What to do if a material error was made before the beginning of the earliest of the previous reporting periods presented in the financial statements for the current reporting year? In this case, the opening balances on the corresponding items of assets, liabilities and equity at the beginning of the earliest reporting period presented are subject to adjustment. Such a rule is contained in clause 11 of PBU 22/2010.

It happens that an accountant cannot determine the impact of a material error on one or more of the previous reporting periods presented in the financial statements. In this case, the entity shall adjust the opening balance for the related assets, liabilities and equity at the beginning of the earliest recalculated period. This is prescribed by clause 12 of PBU 22/2010.
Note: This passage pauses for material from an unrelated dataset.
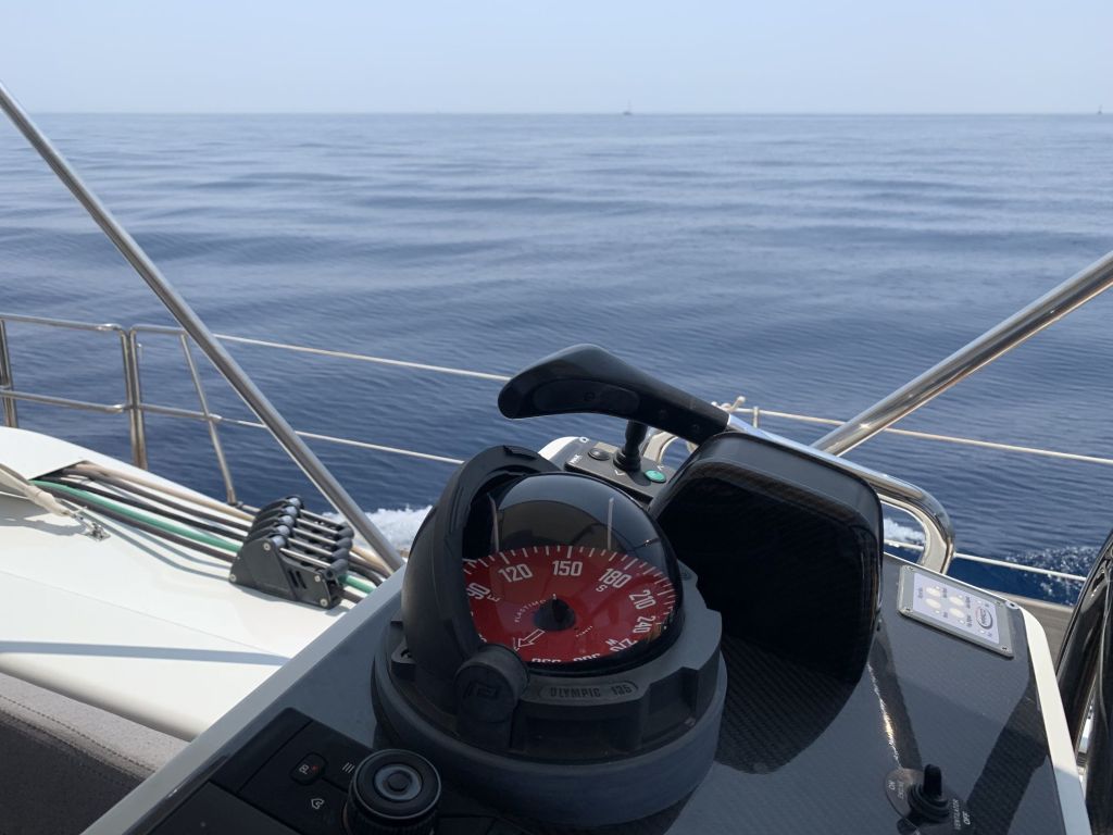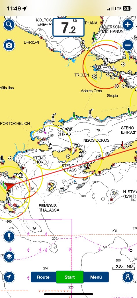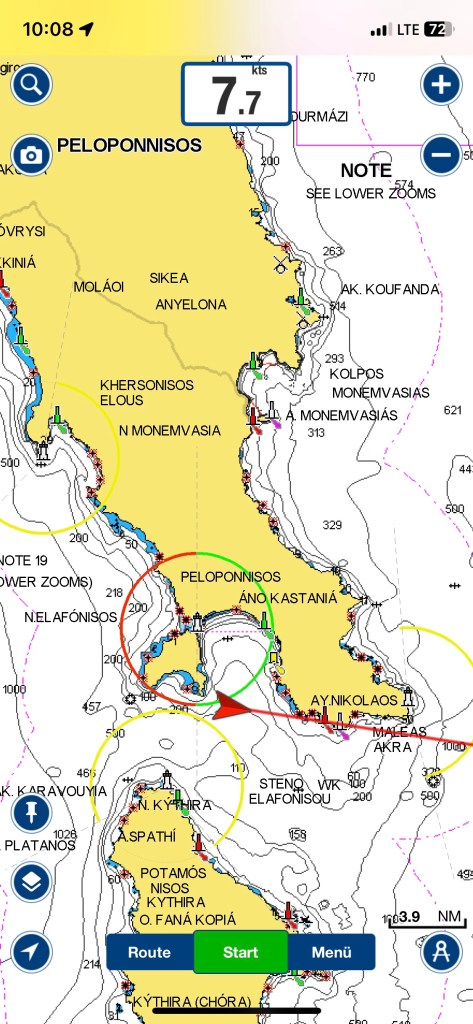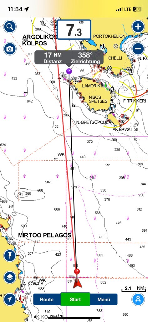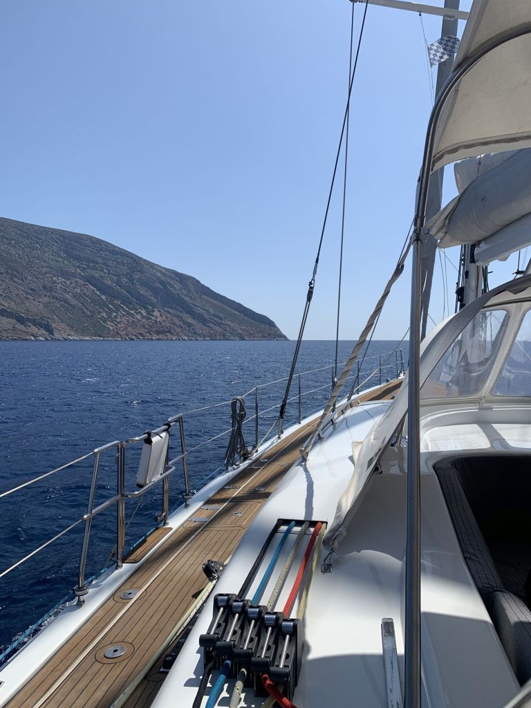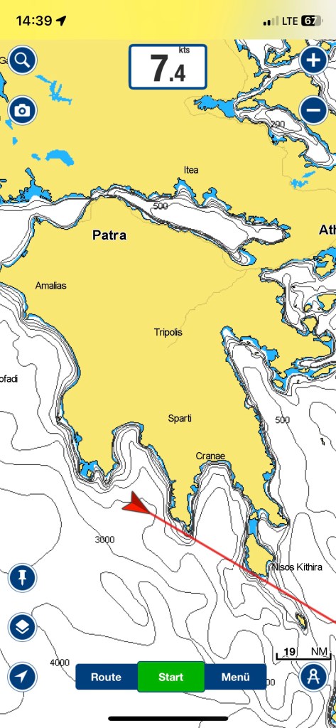 Noch ein paar Meilen, bis wir den Kanal verlassen haben werden, wir erhoffen uns ein Auffrischen des Windes, sobald das Kap von Kefalonia achteraus liegt.

Note. If it is impossible to determine the impact of a material error on one or more of the previous reporting periods presented in the financial statements, then the organization should adjust the opening balance for the corresponding items of assets, liabilities and capital at the beginning of the earliest of the periods for which recalculation is possible (paragraph 12 of PBU 22 / 2010).

So that the organization does not have the temptation to unreasonably declare that it is not able to recalculate the comparative indicators for the previous reporting years reflected in the current financial statements, the conditions for recognizing such a situation are separately fixed in PBU 22/2010.
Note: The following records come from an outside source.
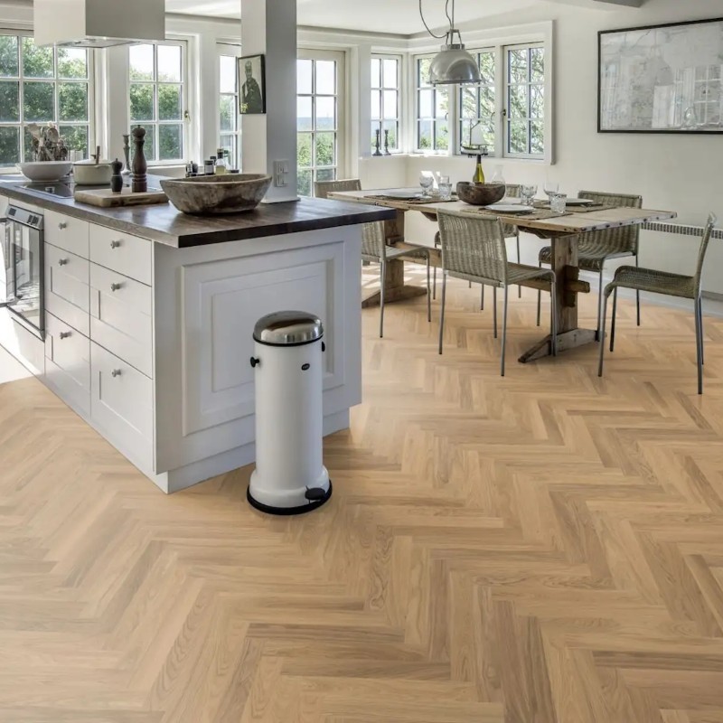 Kahrs Studio Herringbone AB White Oiled offers refined oak with a timeless herringbone pattern and natural oiled finish.
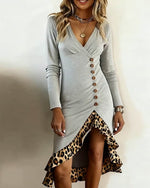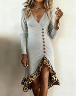 SPECIFICATIONS Style: Chic Material: Cotton Blends Dress Type: Shift dress Dress Length: Above-knee Neckline: V neck_V Pattern Type: Color Block Sleeve Type: Lantern Sleeve Sleeve Length: Long Sleeve Details: Patchwork Fit Type: Regular Season: Fall,Winter Occasion: Daily Package Includes: 1 x Dress SIZE TABLE Size Bust Length CM IN...
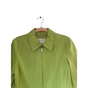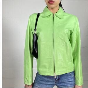 Vintage Y2K Brat Green Genuine Leather Full Zip Fitted Jacket Medium
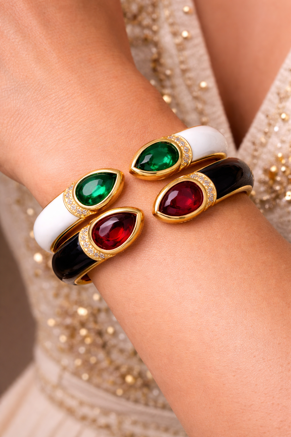 The gemstones are framed in gold with delicate pavé accents, while the inner lattice detailing adds depth and craftsmanship from every angle. Whether paired with a white or black enamel cuff, each combination balances drama and refinement.

So, based on clause 13 of PBU 22/2010, the impact of a material error on the previous reporting period cannot be determined in the following situations:

  • if complex and (or) numerous calculations are required, during the performance of which it is impossible to extract information indicating the circumstances that existed at the date of the error;
  • it is necessary to use the information obtained after the date of approval of the financial statements for such a previous reporting period.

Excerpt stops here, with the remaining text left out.